The on-pack recycling labels will be your primary stop for where and how you should be recycling your items. They’re specifically designed to be as informative and as clear as possible; however, they don’t know where you’re located in the country and what recycling systems your council has in place. For this, recyclenow.com has a great calculator to tell you exactly where you can go to recycle certain items.
The on-pack recycling labels are the work of Recycle Now, a national recycling campaign for England, supported and funded by Government. Recycle Now’s logo is the basis for all OPRLs and should be easily recognisable.
This logo denotes that over 75% of England’s councils provide household recycling collection for that packaging type. Bear in mind that you may be in the 25% of councils that don’t recycle this waste, so research your council’s recycling facilities thoroughly.

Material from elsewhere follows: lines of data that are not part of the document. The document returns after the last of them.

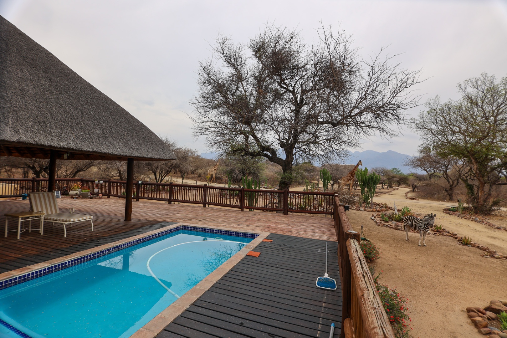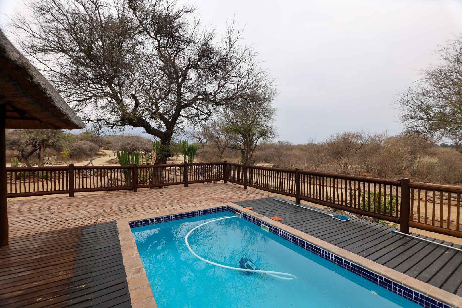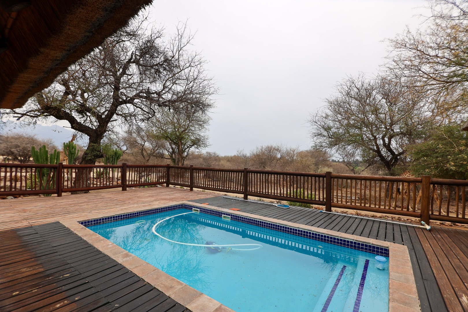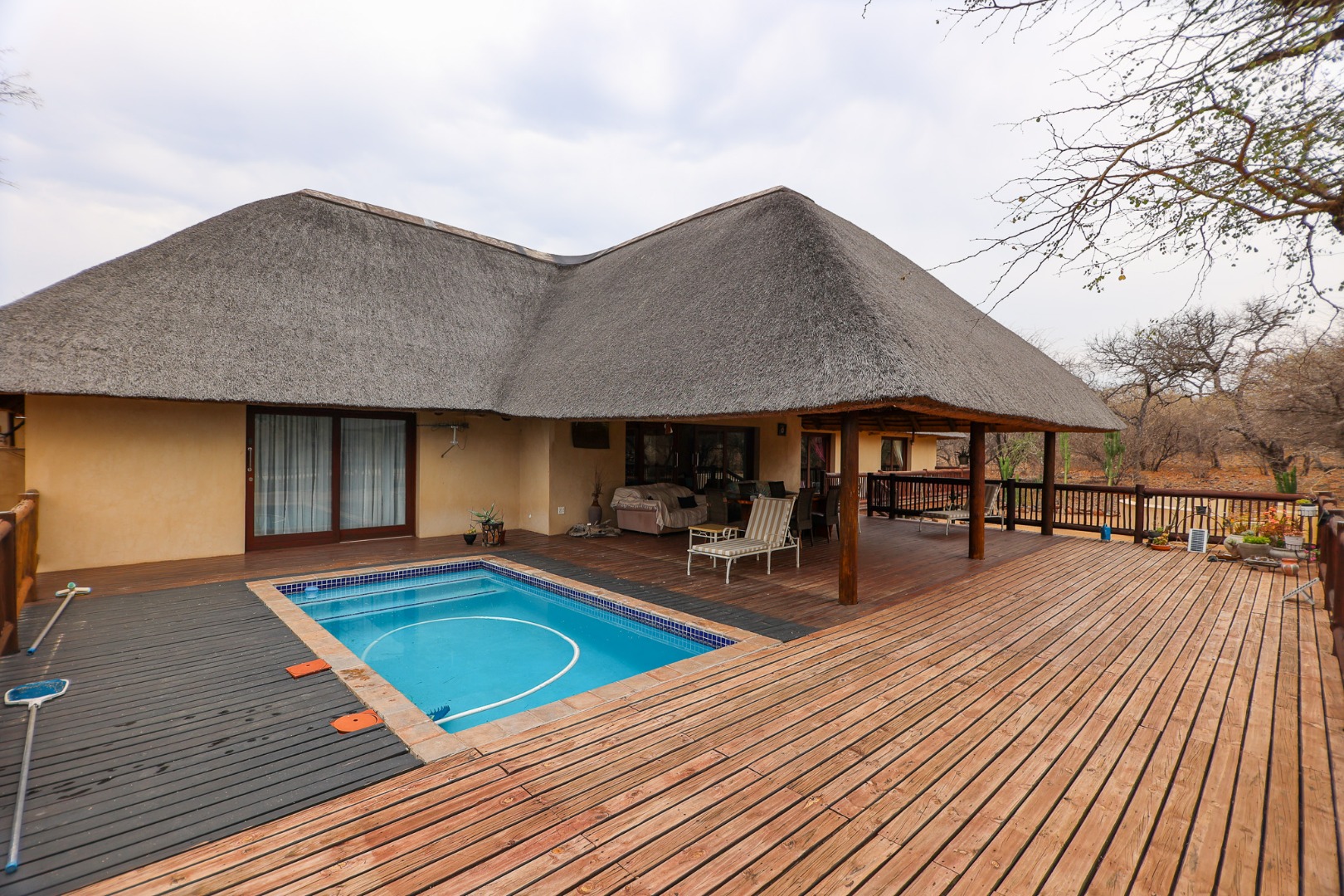 Outdoor living is a central feature of this home. The wooden deck and swimming pool are perfectly positioned for privacy and views, while a boma area invites evenings under the stars in true Lowveld style. The paved driveway leads to a garage, covered parking, and staff accommodation, completing the property’s thoughtful layout.
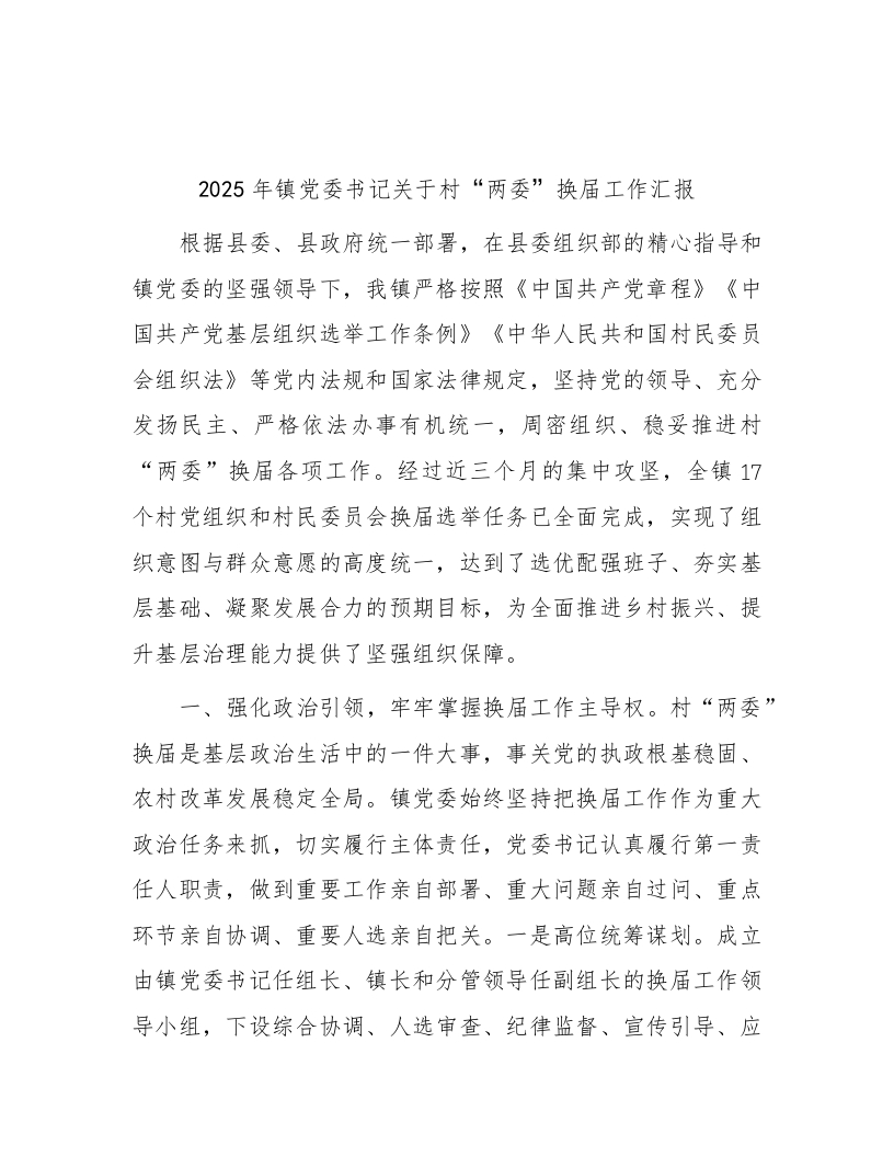 首页热门分类工作总结乡镇书记关于村“两委”换届工作总结汇报
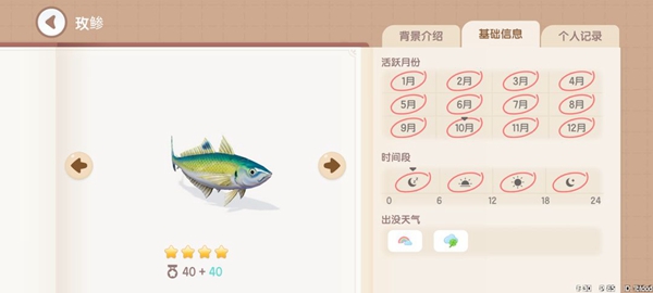 鲭鱼:获取地点,地图上码头钓点可钓到。获取时间,全天0~24。
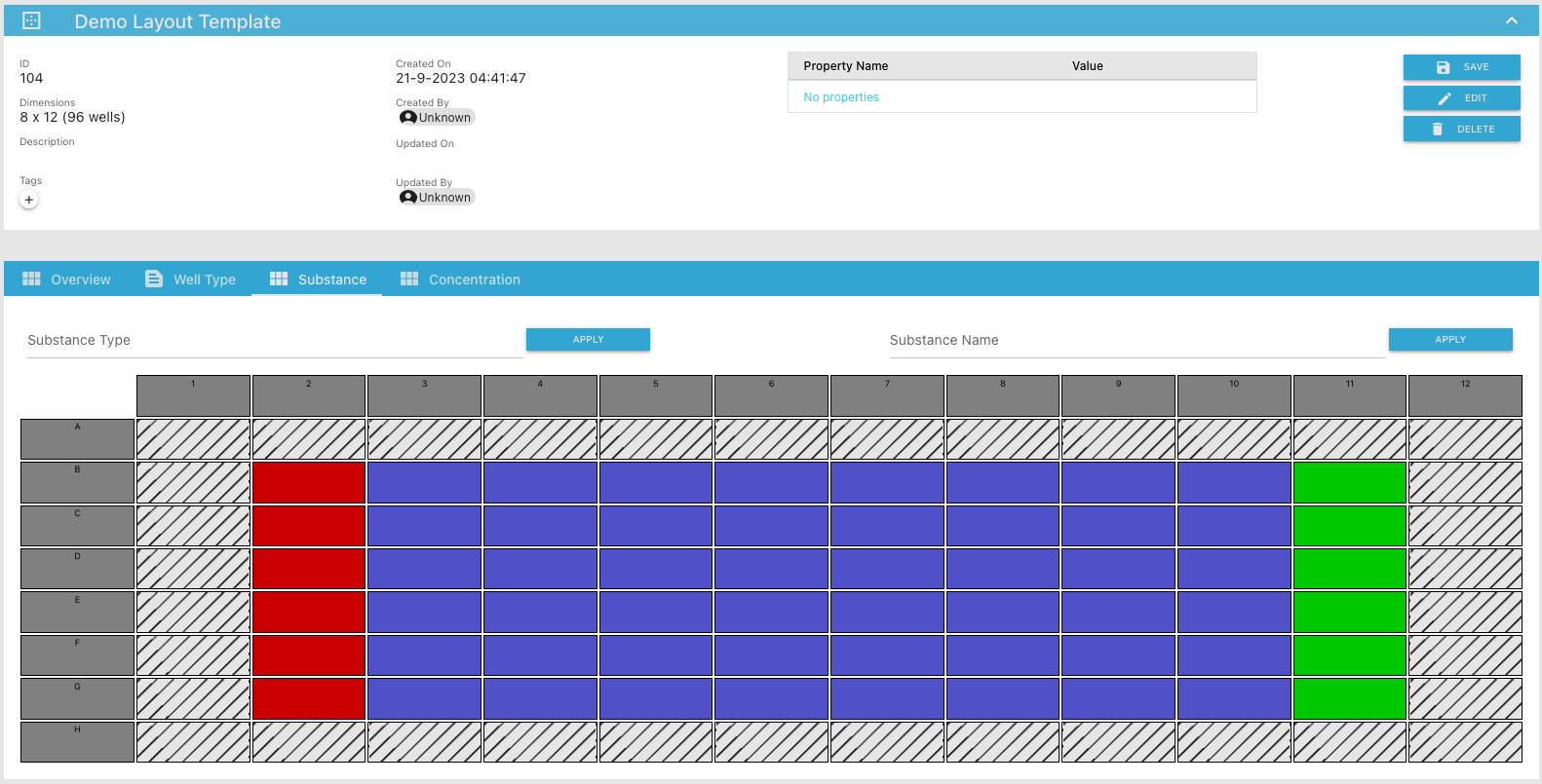 • Select the wells you want to add substance type and name to

Here you can see how the label tells you which part of the packaging it refers to (BOX/BOTTLE) and the material it consists of (CARDBOARD/GLASS), helping you easily separate your packaging into recyclables and non-recyclables.
This logo tells you that this part of the packaging is only recycled by 20-70% of local councils. Check with your local council before putting this material into your recycling bin.

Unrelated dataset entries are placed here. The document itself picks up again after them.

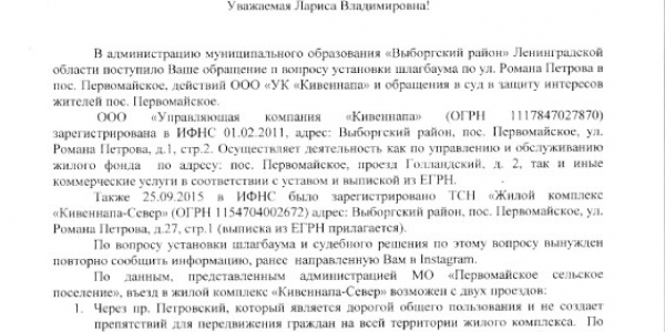 Номер жалобы:65451 Тип жалобы:Прочее Название объекта: Регион:Ленинградская область Город:коттеджный посёлок Кивеннапа Север Адрес:коттеджный посёлок Кивеннапа Север, коттеджный посёлок Кивеннапа Север Описание жалобы:Установлен не законно шлагбаум. Мешает проезду. И требует финансовых затрат. Было решение суда. Множество обращений нечего не решилось председатель товарищества 89218719670 Статус:
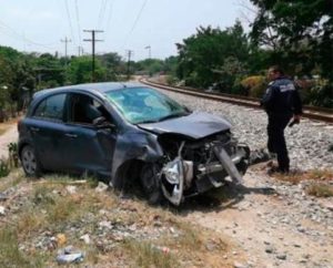 El conductor de un automóvil compacto se estrelló contra el tren la tarde del viernes en la colonia loma bonita de Ciudad Valles .
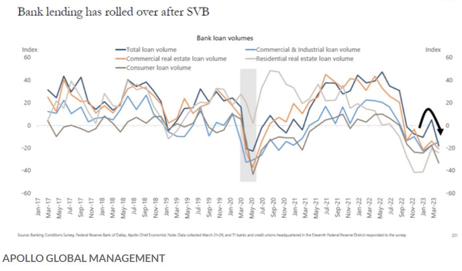 阿波罗全球管理公司首席经济学家Torsten Slok表示,信贷紧缩的影响已经显现。他在周四发表了一份题为《信贷紧缩已经开始》的说明。
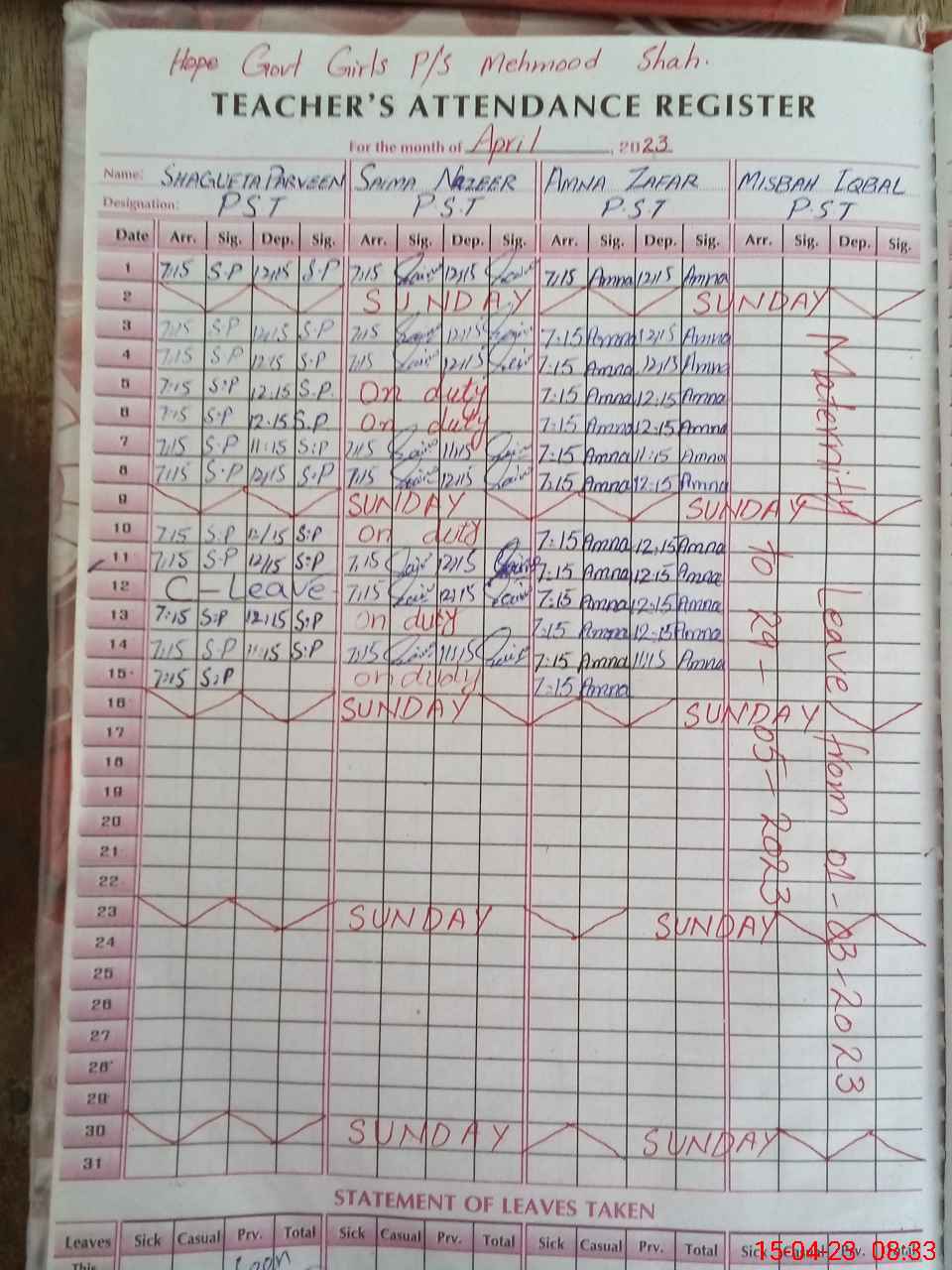 | Leave | Duty | Absent | Maternity | Medical | Ex- Pak |

This logo lets us know that this part of the packaging is only being recycled by 20% of councils. We would recommend that you still check with your local council as to whether this material is being recycled in your area, as it does not definitively mean it’s not recycled.

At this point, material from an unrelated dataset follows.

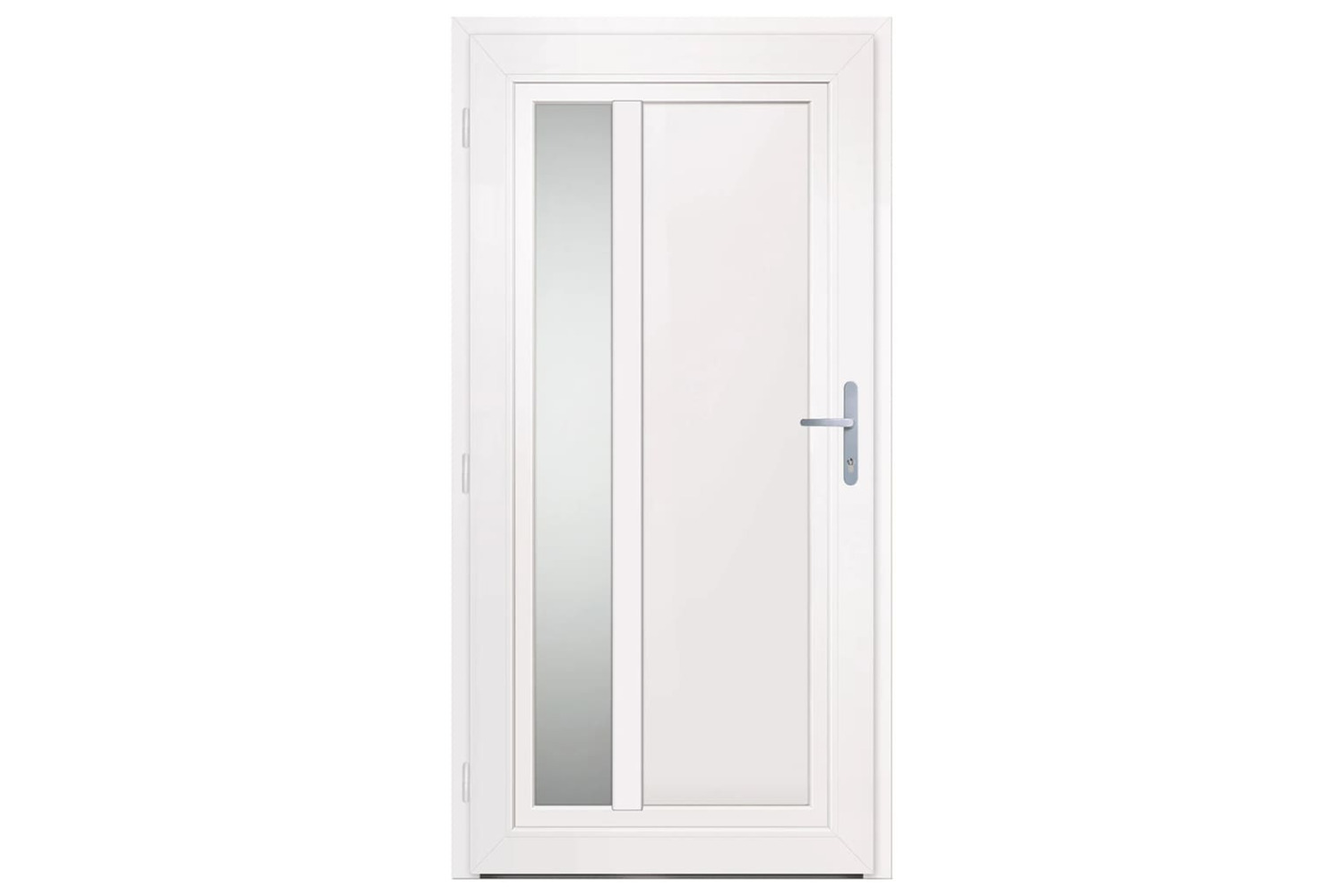 - Safe design: This entry door is equipped with a quality frame, aluminium threshold, 5 mushroom-head locks, insulating glazing and 1,2 mm steel reinforcement to ensure additional security.
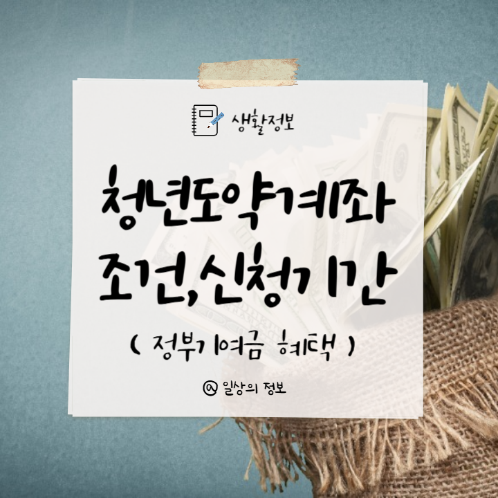 청년도약계좌는 청년들의 자산 형성을 돕기 위해 청년들이 가입한 정기적금에 정부기여금과 금리로 목돈을 만들어 주는 정책입니다. 청년도약계좌 신청할 수 있는 조건은 만 19세 ~ 34세 청년 (1988년생부터 ~ 2004년생)으로 개인소득 7,500만 원 이하, 가구소득 중위 250% 이하이며 신청기간 내에 취급은행으로 신청하고 심사가 끝나면 계좌를 개설할 수 있게 됩니다.

This is similar to the ‘widely recycled’ label, however it applies to local recycling provisions. 75% of councils have recycling provisions for this material, but less than 75% of them collect at kerbside.
Check with your local council for kerbside and collection point recycling facilities.
Some materials, such as plastic films, can now be recycled at supermarket carrier bag collection points.
These materials are often in cereal packets, kitchen roll wraps and grocery produce.
The majority of empty metal paint cans can be deposited for recycling at most local authority recycling centres.
As always, check your local council website for more information.
This symbol indicates that the product is capable of being recycled. It does not guarantee that the material will be accepted by your local recycling centre or collection. It does not signify that the product is made from recycled materials.
This Green Dot’s meaning is often confused with the Mobius Loop’s. This dot does not mean that the packaging is recycled or recyclable. It shows that the producer has financially contributed to the recovery and recycling of packaging.
The Mobius Loop with a number in the centre and a letter code bellow signifies what kind of plastic the packaging is made from. The code should help you identify whether it’s recyclable in your area.
The majority of glass is recyclable. If you are depositing your glass bottled or jars at a bottle bank, remember to separate the glass by colour and remove any non-glass components like bottle tops and lids.
This logo lets you know that this product is made from recyclable aluminium.
Where you see this logo, it means that waste electrical items, such as household appliances, mobile phones and IT equipment, can be recycled.
This logo certifies that the product is ‘industrially compostable’ according to European standard EN 13432/14955’
This is the National Association of Paper Merchants’ stamp. It certifies that the product is made from a minimum of 50% genuine waste paper or board fibre.
Check with your local recycling centre if they accept this kind of paper, as paper can only be recycled a certain number of times.
This icon is from the Forest Stewardship Council and identifies products that contain wood from sustainable and certified forests.